Yigal Frid
- Born: 28 February 1992 (age 34) Israel
- Other occupation: Computer scientist

Domestic
- Years: League / Role
- 2015–present: Israeli Premier League / Referee

International
- Years: League / Role
- 2018–present: FIFA listed / Referee

= Yigal Frid =

Israeli football referee (born 1992)

Yigal Frid (יגאל פריד; born 28 February 1992) is an Israeli football referee who has been on the FIFA International Referees List since 2018.

== Career ==
Frid was born in February 1992 in Israel, the son of Leonid, a mechanical engineer, and Tanya, a food engineer, who had moved to Israel from the Soviet Union one year earlier just after the collapse of the USSR. Before deciding to pursue a career as a referee, Frid played football for the youth team of Hapoel Kfar Saba F.C. At the age of 16, he quit playing and became focused on being a referee.

Frid refereed his first match in the Israeli Premier League in 2015 in the game between Maccabi Netanya F.C. and Bnei Sakhnin F.C. In July 2018, he debuted in European leagues at a qualifying match of the UEFA Europa League between Lech Poznań and FC Gandzasar Kapan.
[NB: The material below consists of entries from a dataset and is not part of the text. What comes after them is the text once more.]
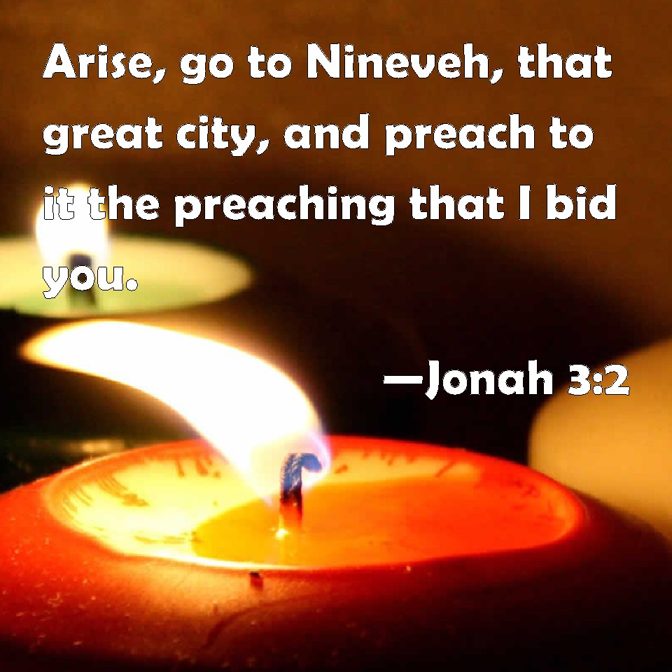 Choose a Background Jonah 3:2 Arise, go to Nineveh, that great city, and preach to it the preaching that I bid you. KJV: Arise, go unto Nineveh, that great city, and preach unto it the preaching that I bid thee. DRB: Arise, and go to Ninive the great city: and preach in it the preaching that I bid thee. DBT: Arise, go to Nineveh, the great city, and preach unto it the preaching that I shall bid thee. ERV: Arise, go unto Nineveh, that great city, and preach unto it the preaching that I bid thee. WBT: Arise, go to Nineveh, that great city, and preach to it the preaching that I bid thee. WEB: "Arise, go to Nineveh, that great city, and preach to it the message that I give you." YLT: 'Rise, go unto Nineveh, the great city, and proclaim unto it the proclamation that I am speaking unto thee;'Links Jonah 3:2 NIV • Jonah 3:2 NLT • Jonah 3:2 ESV • Jonah 3:2 NASB • Jonah 3:2 KJV • Jonah 3:2 Interlinear • Jonah 3:2 Commentaries • Jonah 3:2 Parallel Texts • Jonah 3:2 Bible Apps • Jonah 3:2 Parallel • Bible Hub |
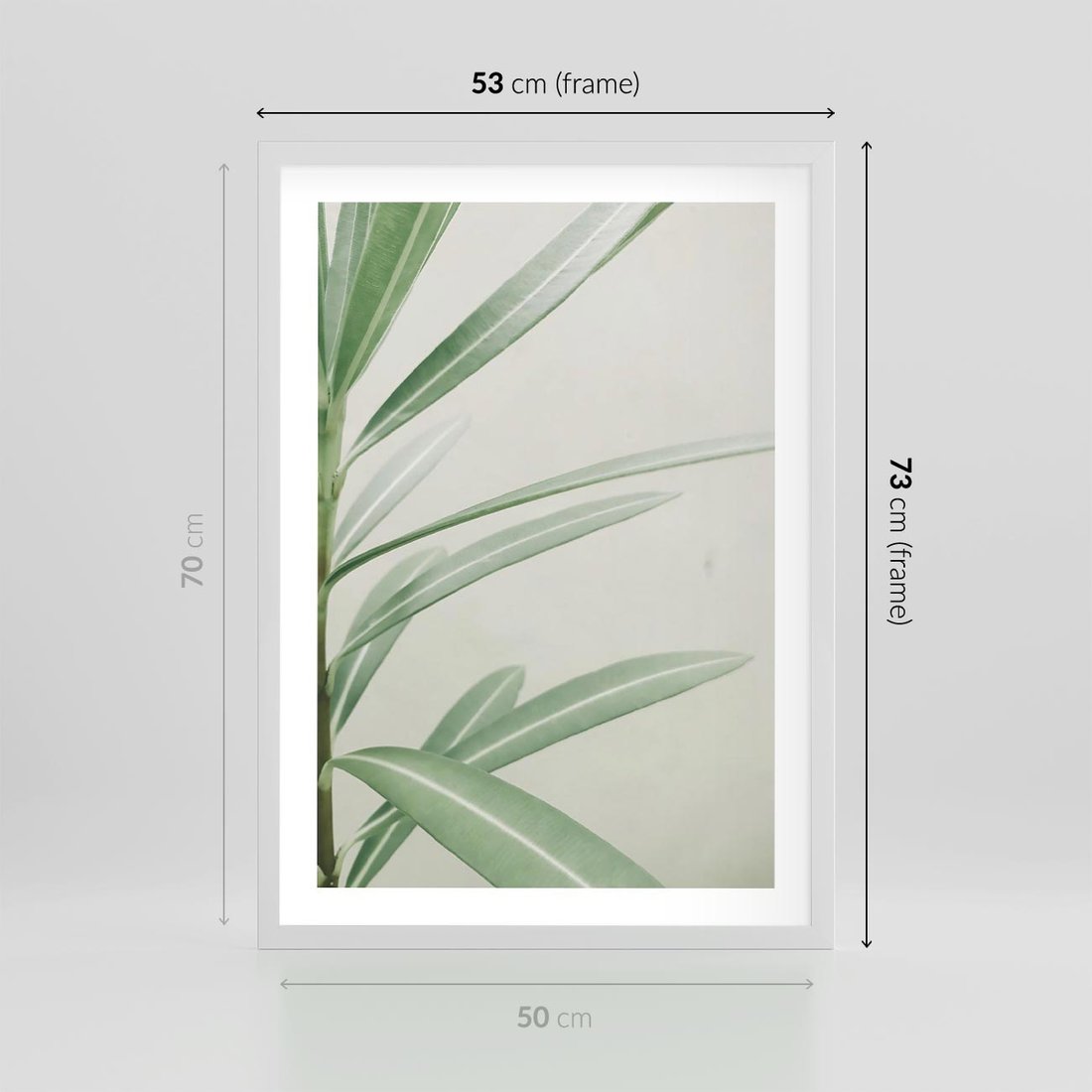 Plakat w ramie 50x70 - Minimalistyczna Tropikalna Harmonia - tropikalna roślina, zielone liście - rama biała
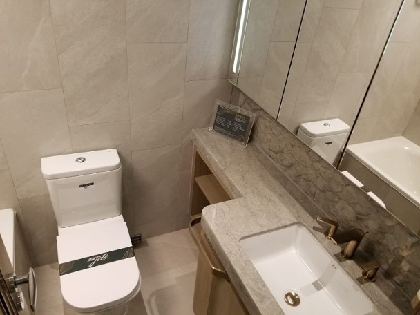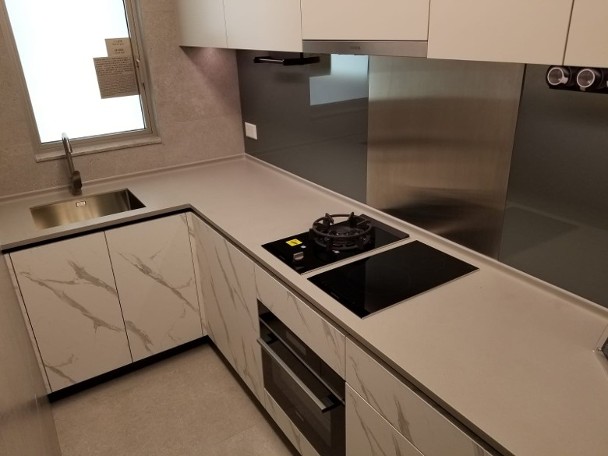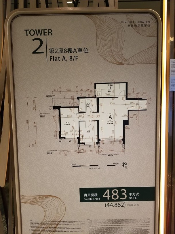 長實集團(01113)及新鴻基地產(00016)合作發展的屯門青山公路大欖段飛揚第1期,周三(22日)開放全新無改動示範單位供傳媒預覽,單位參照2座8樓A室搭建,實用面積483方呎,兩房配梗廚間隔,客飯廳由走廊分隔,入口設狹長形狀玄關位。

Other prominent continental and national games for Frid were the 2021 Trophée des Champions between Lille OSC and Paris Saint-Germain FC at Bloomfield Stadium in Tel Aviv and the 2023 Israel Super Cup between Maccabi Haifa F.C. and Beitar Jerusalem F.C.

In March 2021, Frid oversaw his first international match in the FIFA World Cup qualifiers between Northern Ireland and Bulgaria in Belfast. Another game he led in the same qualification tournament was a match between Bosnia and Herzegovina and Kazakhstan. In the qualifiers for the 2026 FIFA World Cup, Frid has refereed several matches, including a 10–0 victory of Austria over San Marino at the Ernst-Happel-Stadion in Vienna.

Frid has a bachelor's degree in computer science and has two children, a girl and a boy, with his wife Shir, who works as an economist.